◆ **Aim of the exercise**:
Retype only the lines from the top of the records to the line with "Untere RE aktivieren.", including that line but none of the pictures.

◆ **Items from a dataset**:

--- START ---

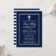 Marinho Elegante Blue e White Stripes Primeiro Convite à Comunidade com Cruz. Quadro Branco.
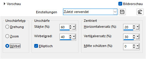 Untere RE aktivieren. Einstellen - Unschärfe - Strahlenförmige Unschärfe
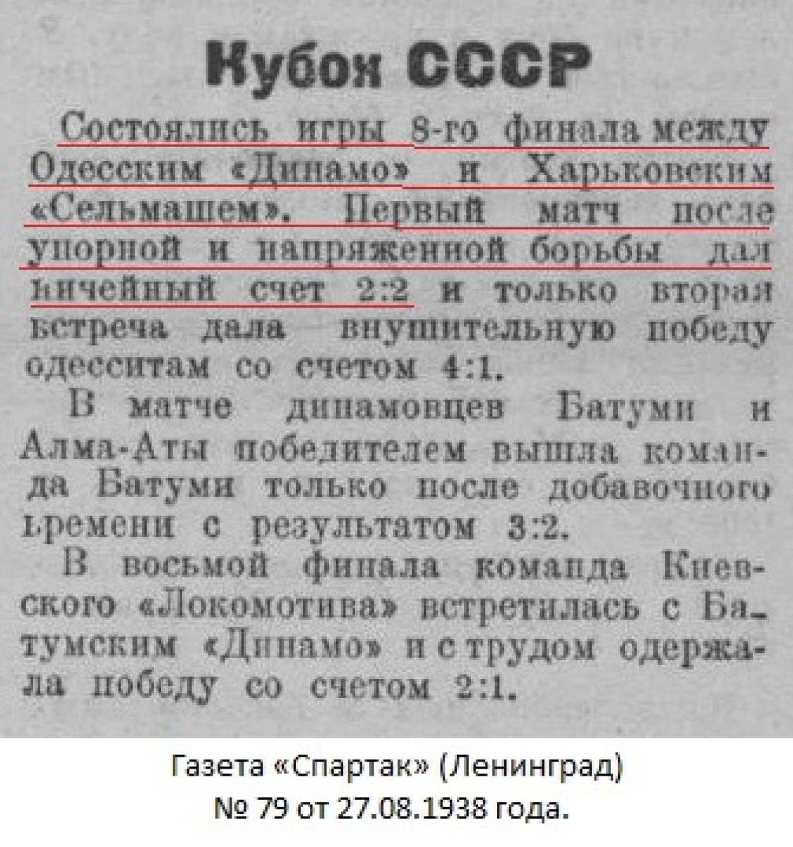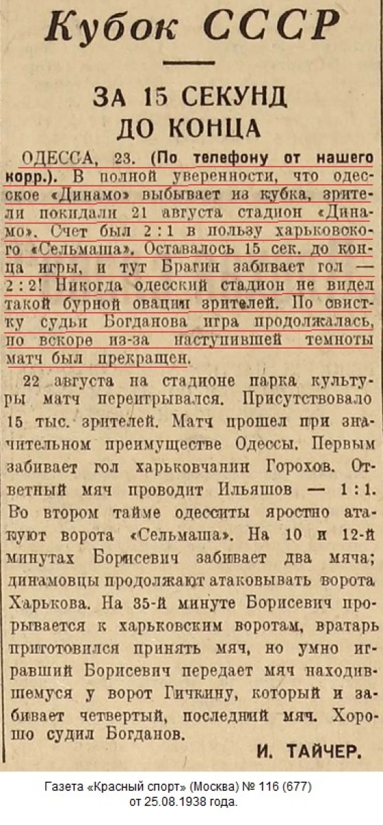 Иосиф (Юзеф) Сосицкий открыл счет в матче, но еще до перерыва харьковчане, забив два мяча (второй с пенальти), вышли вперед. Отыграться динамовцы смогли лишь на последних секундах второго тайма: после удара Александра Брагина мяч, задев Михаила Малхасова, попал в сетку ворот «Сельмаша». Добавочное время доиграть до конца не удалось из-за наступившей темноты.
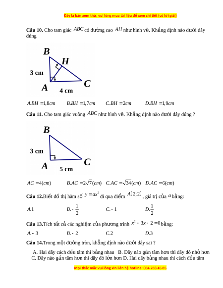 ể A 2;2 , giá trị c a ủ a b ng: ằ 1 1 .1 A . B C. 1 . D 2 2 Câu 13.Tích t t ấ c các ả nghi m ệ c a ủ phư ng t ơ rình 2 x 3x 2 0 b ng: ằ . A 3 . B 2 C.2 . D 3 Câu 14.Trong m t ộ đư ng t ờ ròn, kh ng ẳ đ nh nào d ị ư i ớ đây sai ? A. Hai dây cách đ u t ề âm thì b ng ằ nhau B. Dây nào g n t ầ âm h n t ơ hì dây đó nh h ỏ n ơ C. Dây nào g n t ầ âm h n t ơ hì dây đó l n h ớ n ơ D. Hai dây b ng nhau ằ thì cách đ u t ề âm
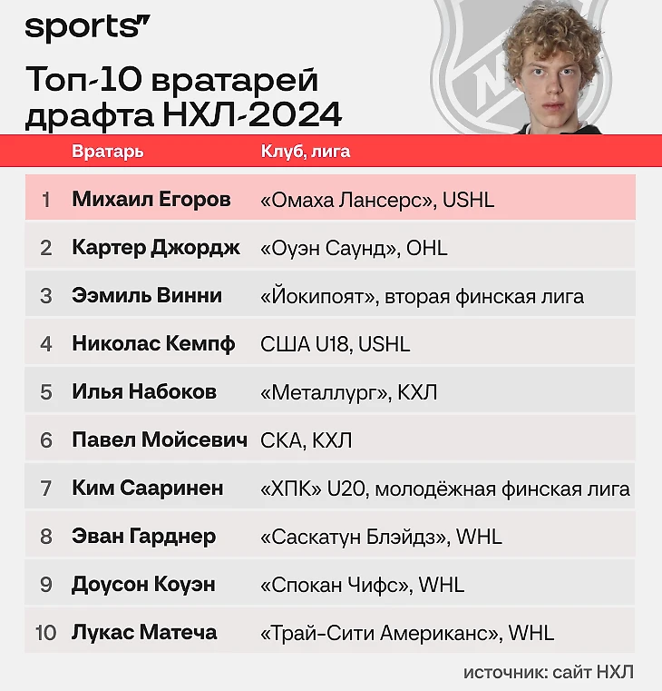 Сайт НХЛ представил топ-10 лучших вратарей драфта 2024 года. На первом месте неожиданно оказался российский голкипер Михаил Егоров, выступающий в USHL за «Омаху Лансерс».
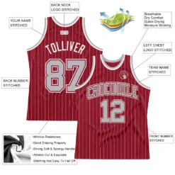 Custom Maroon White Pinstripe Gray Authentic Basketball Jersey
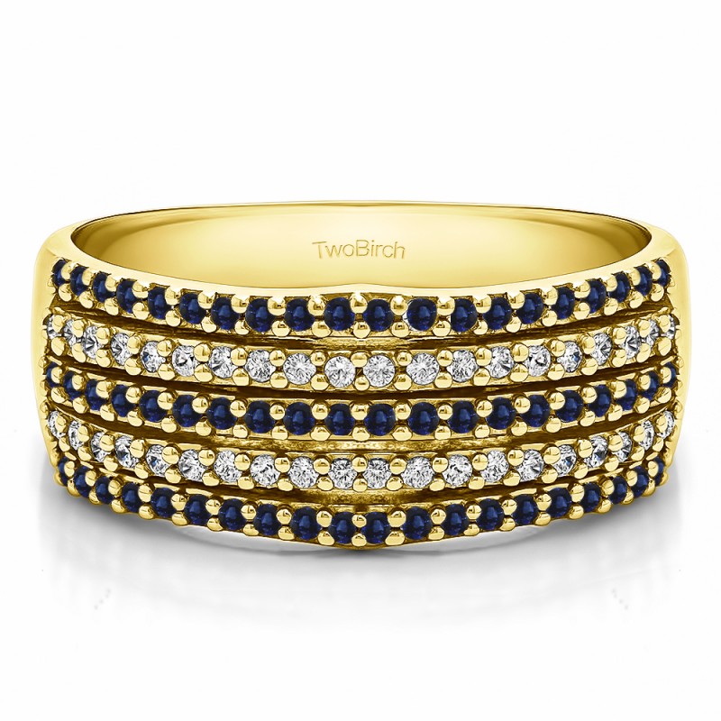 This wedding ring features 100 round prong set stones with a 2 millimeter wide band. The total combined carat weight of the ring is 0.5 carats. It has multiple rows of shred prong set round stones. This wedding ring weighs approximately 8.71 grams.
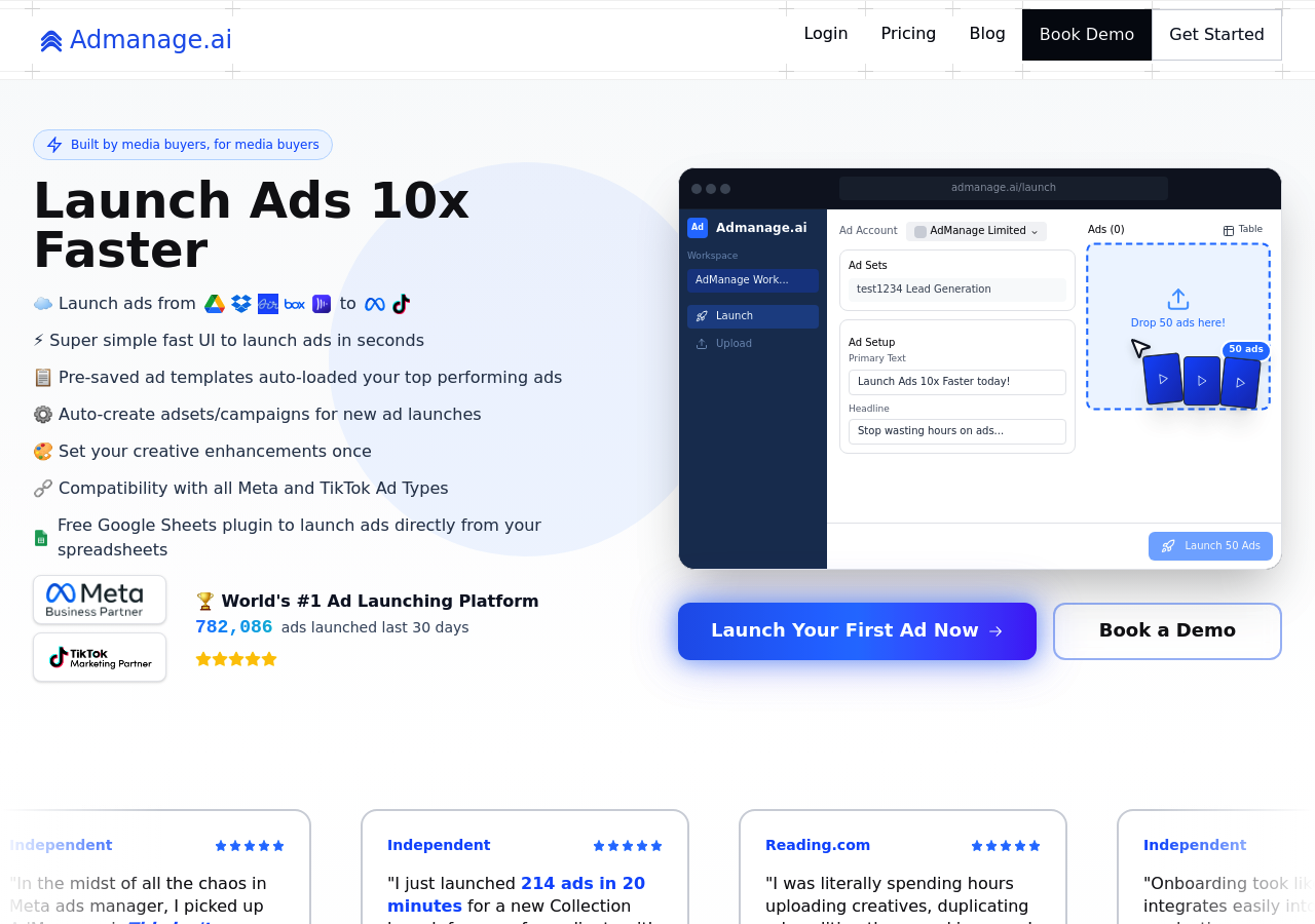 Overview: AdManage.ai is positioned at the premium end of pure launchers. The higher price point includes TikTok support and a broader feature set. Whether that justifies the price depends on your volume and whether you need multi-platform support.
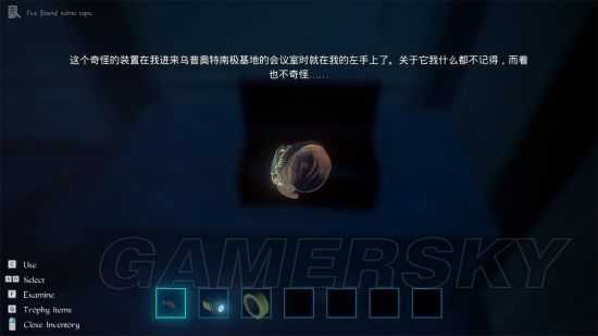 下方为装备物品栏,最多可带7个道具。中间会显示物品的放大图,同时有文字说明,对解谜有帮助作用。
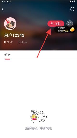 4、在個(gè)人主頁點(diǎn)擊關(guān)注按鈕,即可關(guān)注并添加該用戶。
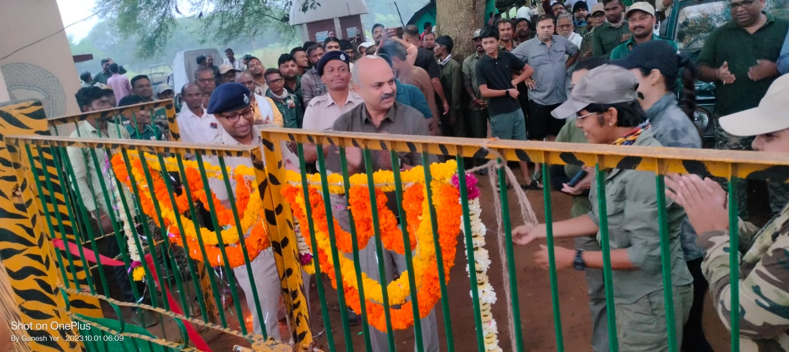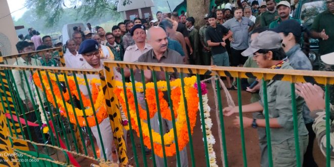 चिमूर:-पावसाळातील तिन महिन्याच्या विश्राती नंतर आज १ आक्टोबर पासुन ताडोबा अंधारी व्याघ्र प्रकल्पात तील कोर गेट सुरु झालेत त्यातील कोलारा कोर गेट येथील प्रवेशद्वार चा उद्घाटन मोठ्या उत्साहात पार पडला प्रवेशद्वाराच्या उदघाटन उपसचालक काळे यांच्या हस्ते करण्यात आला तर अभिनेत्री सदा सयद याच्या प्रमुख उपस्थिती प्रवेशद्वारातील फित कापून जंगल भ्रमती करणाऱ्या पर्यटकाना पुष्पगुच्छ देऊन स्वागत करण्यात आले.आजचा पहिला दिवसातच अंदाजे १८६ पर्यटकांनी सफारी चा आनंद घेतला असुन पर्यटकामध्ये जिप्सी मालक / मार्गदर्शक / चालक / यांच्या मध्ये आनंदाचा वातावरण दिसु लागला.
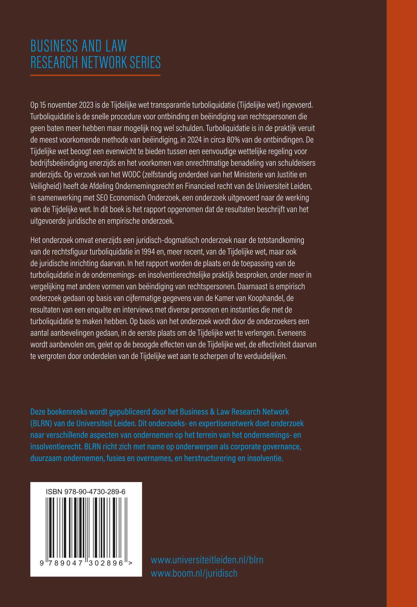 Op 15 november 2023 is de Tijdelijke wet transparantie turboliquidatie (Tijdelijke wet) ingevoerd. Turboliquidatie is de snelle procedure voor ontbinding en beëindiging van rechtspersonen die geen baten meer hebben maar mogelijk nog wel schulden. Turboliquidatie is in de praktijk veruit de meest voorkomende methode van beëindiging, in 2024 in circa 80% van de ontbindingen. De Tijdelijke wet beoogt een evenwicht te bieden tussen een eenvoudige wettelijke regeling voor bedrijfsbeëindiging enerzijds en het voorkomen van onrechtmatige benadeling van schuldeisers anderzijds. Op verzoek van het WODC (zelfstandig onderdeel van het Ministerie van Justitie en Veiligheid) heeft de Afdeling Ondernemingsrecht en Financieel recht van de Universiteit Leiden, in samenwerking met SEO Economisch Onderzoek, een onderzoek uitgevoerd naar de werking van de Tijdelijke wet. In dit boek is het rapport opgenomen dat de resultaten beschrijft van het uitgevoerde juridische en empirische onderzoek.
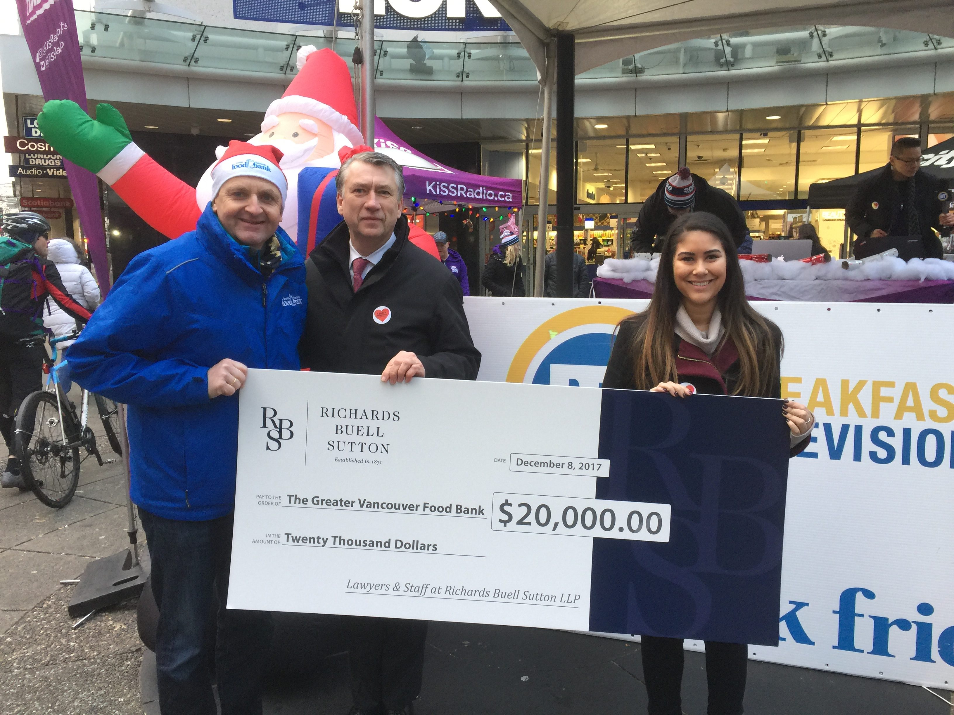 In the spirit of the season, for the 10th consecutive year we are pleased to continue our support of the Greater Vancouver Food Bank (GVFB). On behalf of the lawyers and staff at RBS, Managing Partner, Jeff Lowe, Q.C. and Lindsey Antic, RBS’ Food Bank Volunteer Coordinator, presented a donation of $20,000 to the GVFB on Breakfast Television and KiSS RADiO this morning. Each week, the GVFB provides access to healthy food and services to over 26,500 people. For every $1 donated, this organization is able to purchase $3 worth of food. Watch the interview on Breakfast Television here. To make a donation to the GVFB, click here.
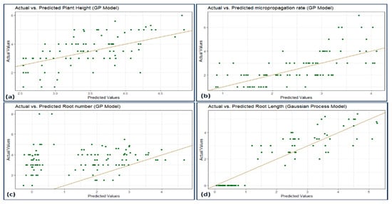 Scatterplot actual against predicted values of (a) plant height, (b) micropropagation rate, (c) number of roots, and (d) root length using GP model analysis.

--- END ---

◆ **Solution to the problem**:
 Marinho Elegante Blue e White Stripes Primeiro Convite à Comunidade com Cruz. Quadro Branco.
 Untere RE aktivieren. Einstellen - Unschärfe - Strahlenförmige Unschärfe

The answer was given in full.